Rebasing Data – The Data Story Guide

Rebasing involves changing the size of the sample used in a calculation. Rebasing can be done by simple math, filtering, or recoding.

Worked examples of rebasing

Example 1: Attitudes

Consider the table below. Five people have said DON’T KNOW. It is reasonable for a person to say they don’t know something. But, when the number who have said it is small, as in this case, it is not interesting data. Consequently, it is traditionally regarded as being “dirt” and the fix is to replace it with a missing value.

A missing value is a special value that is typically understood by analysis software as being an instruction to automatically filter the table and recompute the values with this data excluded. The table here shows the summary of the same data as above, but the DON’T KNOW value has been set as a missing value (so it disappears from the table). Note that the actual results have changed (e.g., Disagree a little is now 13% rather than 12%). The act of recoding data as missing to change the computed results is known as rebasing.

Example 2: Political polling

Consider the result of a survey that asked people which party they were likely to next vote for, with the answers recorded being:

33% Republican
39% Democrat
28% Don't know

This data on its own is not so useful if wanting to predict the outcomes in an election, as Don't know is not an option in an election.

The standard solution is to rebase the data. That is, the base used in the percentages above is the total sample. A better base is the proportion of people to have chosen either Republican or Democrat.

In this example, the resulting data then becomes:

Republican 33% / (33% + 39%) = 46%
Democrat 54%

When we rebase data we are making an assumption, and the assumption may be incorrect. For example, if some people were planning to vote Republican, but were embarrassed to admit this and said Don't Know instead, then assuming that people with missing data are the same as those without missing data is clearly wrong (as the people with missing data are more likely to vote Republican than are people without missing data).
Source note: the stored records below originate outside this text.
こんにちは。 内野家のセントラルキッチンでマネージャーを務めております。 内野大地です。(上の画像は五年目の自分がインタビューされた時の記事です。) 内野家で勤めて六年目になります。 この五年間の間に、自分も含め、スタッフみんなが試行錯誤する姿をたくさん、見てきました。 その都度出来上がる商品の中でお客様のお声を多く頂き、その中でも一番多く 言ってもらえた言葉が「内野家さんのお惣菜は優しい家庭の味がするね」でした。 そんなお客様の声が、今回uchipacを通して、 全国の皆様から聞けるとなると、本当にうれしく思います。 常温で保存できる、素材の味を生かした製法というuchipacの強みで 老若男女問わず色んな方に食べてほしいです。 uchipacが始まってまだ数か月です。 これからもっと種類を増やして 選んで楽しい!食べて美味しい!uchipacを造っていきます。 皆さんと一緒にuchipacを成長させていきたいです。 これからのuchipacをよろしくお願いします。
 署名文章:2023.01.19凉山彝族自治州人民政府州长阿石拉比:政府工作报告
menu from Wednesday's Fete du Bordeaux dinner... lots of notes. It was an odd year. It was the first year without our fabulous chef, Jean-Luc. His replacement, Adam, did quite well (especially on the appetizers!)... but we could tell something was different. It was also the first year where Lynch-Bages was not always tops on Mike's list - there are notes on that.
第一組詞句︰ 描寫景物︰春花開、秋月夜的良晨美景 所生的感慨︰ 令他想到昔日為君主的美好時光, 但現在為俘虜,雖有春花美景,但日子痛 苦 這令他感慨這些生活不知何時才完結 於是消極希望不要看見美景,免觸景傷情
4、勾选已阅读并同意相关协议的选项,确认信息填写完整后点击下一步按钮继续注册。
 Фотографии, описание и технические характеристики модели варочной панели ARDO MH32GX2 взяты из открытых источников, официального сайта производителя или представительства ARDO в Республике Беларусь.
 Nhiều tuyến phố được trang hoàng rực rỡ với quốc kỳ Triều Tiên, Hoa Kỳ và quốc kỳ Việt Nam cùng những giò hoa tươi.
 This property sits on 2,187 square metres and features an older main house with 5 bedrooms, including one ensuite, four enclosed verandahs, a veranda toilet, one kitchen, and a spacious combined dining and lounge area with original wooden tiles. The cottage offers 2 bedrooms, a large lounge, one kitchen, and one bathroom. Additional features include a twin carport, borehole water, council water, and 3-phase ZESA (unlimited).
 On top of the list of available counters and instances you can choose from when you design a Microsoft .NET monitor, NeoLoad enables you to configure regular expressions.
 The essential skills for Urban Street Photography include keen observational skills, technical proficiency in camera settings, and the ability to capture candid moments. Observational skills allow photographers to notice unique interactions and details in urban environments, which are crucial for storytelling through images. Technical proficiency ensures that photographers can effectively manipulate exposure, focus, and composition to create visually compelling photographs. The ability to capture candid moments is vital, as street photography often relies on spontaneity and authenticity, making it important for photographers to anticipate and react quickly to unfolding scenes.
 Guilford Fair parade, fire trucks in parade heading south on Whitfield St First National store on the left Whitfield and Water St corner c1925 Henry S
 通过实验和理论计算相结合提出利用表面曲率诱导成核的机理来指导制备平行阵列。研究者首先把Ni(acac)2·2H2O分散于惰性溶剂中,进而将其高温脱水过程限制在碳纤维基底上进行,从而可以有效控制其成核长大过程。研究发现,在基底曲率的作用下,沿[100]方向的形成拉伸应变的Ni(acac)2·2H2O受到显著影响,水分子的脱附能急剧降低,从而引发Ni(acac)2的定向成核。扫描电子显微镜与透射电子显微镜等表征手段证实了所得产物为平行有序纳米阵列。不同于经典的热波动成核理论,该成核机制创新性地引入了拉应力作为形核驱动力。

Where it is unlikely that people with missing data are the same as people without missing data, it becomes extremely difficult to perform valid analyses. For this reason, while introductory books on market research often say things like always allow people to say don't know and let people choose whether they answer a question or not, experienced researchers tend to make all questions compulsory and only offer Don't know options when they are sure that the resulting data will be useful.

Example 3: Brand fit

Surveys are conducted to give insight into populations. In the example below, we have data on the extent to which a new product is seen as being consistent with the Apple brand. In the table below on the left, it could be summarized as saying "31% of people believe that iLock fits with the Apple brand." Such a summary would be misleading, as people would incorrectly draw the inference that most people - 100% - 31% = 69% - do not believe that iLock fits with the brand when the truth is that only 16% think this.

The Missing data and Don't know categories are uninformative to the question of the brand fit of the iLock. The standard fix in such a situation is to rebase the analysis, and instead show the table at the right, which leads to a better summary of the data, being that 65% of people believe that the iLock fits with the Apple brand.

Example 4: Rebasing purchase intent

Consider a survey conducted among iPhone buyers which finds that 30% of respondents say they will upgrade to a new model in the next 12 months. If we know that 40% of people have an iPhone, we can then calculate the proportion of the population who will upgrade an iPhone in the total population.

In this case, we rebase by multiplying our two numbers, which tells us that 30% * 40% = 12% of the total population will upgrade an iPhone.

The logic here is exactly the same as above, but the calculations have been done in reverse.

How to rebase

There are three ways of rebasing:

Simple math. This is illustrated in the examples above.
Filtering. This approach involves filtering any analyses to only include the relevant sample.
Recoding. This approach involves recoding any data that you wish to exclude from the base as missing values. Where the rebasing is rectifying a data integrity problem, this approach is best as it locks in the correction of the data. Modern software, such as Displayr and Q, allows you to rebase by right-clicking on categories in tables (Remove in Q and Delete in Displayr).